| Dataset excerpt |
________

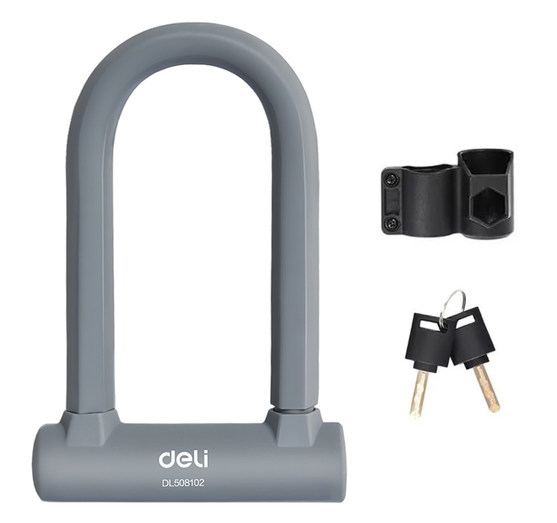 Κλειδαριά πέταλο ποδηλάτου της Deli με ανθεκτική ατσάλινη κατασκευή και εξωτερική επένδυση σιλικόνης, για την προστασία του ποδηλάτου σας από κλοπές.
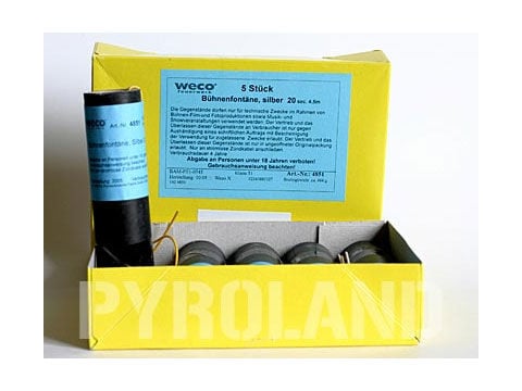 ca. 4,5m hohe , raucharme Silberfontäne von ca. 20 Sek. Brenndauer mit sehr hoher Funkendichte. 1 Packung á 5 Stück Elektrisch zündbar! Mit einer geeigneten Zündanlage nutzen. Technische Voraussetzungen: Mindestens 12V oder 0,85
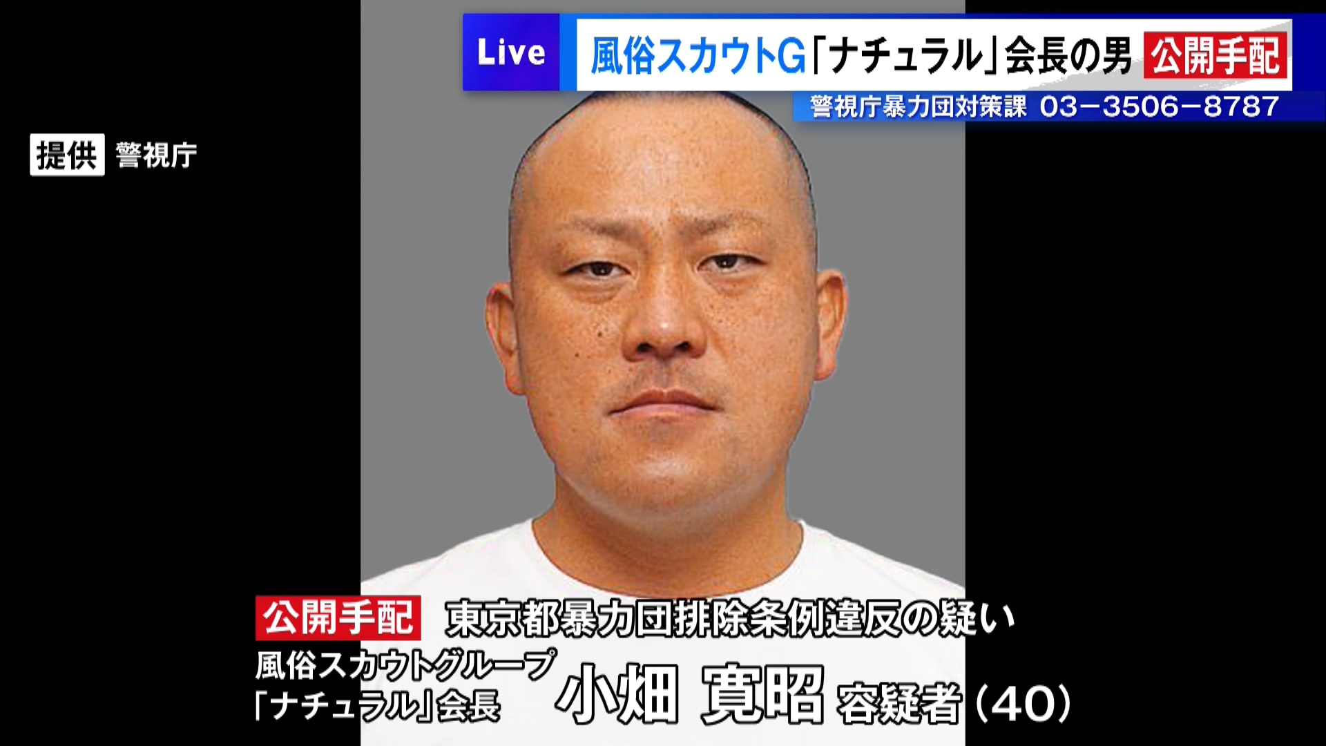 女性を性風俗店に紹介するスカウト行為を容認してもらう見返りに暴力団幹部にみかじめ料を支払ったとして、警視庁暴力団対策課は21日、東京都暴力団排除条例違反容疑で、国内最大級の風俗スカウトグループ「ナチュラル」のトップとされる住所不定、職業不詳小畑寛昭容疑者(40)を公開手配した。同課によると、容疑者は組織内で「会長」と呼ばれている。
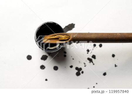Two calligraphy reeds covered ink on the table

________

| Exercise details |
Without the pictures, write out the whole listing above exactly as it appears.

| Solved problem |
 Κλειδαριά πέταλο ποδηλάτου της Deli με ανθεκτική ατσάλινη κατασκευή και εξωτερική επένδυση σιλικόνης, για την προστασία του ποδηλάτου σας από κλοπές.
 ca. 4,5m hohe , raucharme Silberfontäne von ca. 20 Sek. Brenndauer mit sehr hoher Funkendichte. 1 Packung á 5 Stück Elektrisch zündbar! Mit einer geeigneten Zündanlage nutzen. Technische Voraussetzungen: Mindestens 12V oder 0,85
 女性を性風俗店に紹介するスカウト行為を容認してもらう見返りに暴力団幹部にみかじめ料を支払ったとして、警視庁暴力団対策課は21日、東京都暴力団排除条例違反容疑で、国内最大級の風俗スカウトグループ「ナチュラル」のトップとされる住所不定、職業不詳小畑寛昭容疑者(40)を公開手配した。同課によると、容疑者は組織内で「会長」と呼ばれている。
Two calligraphy reeds covered ink on the table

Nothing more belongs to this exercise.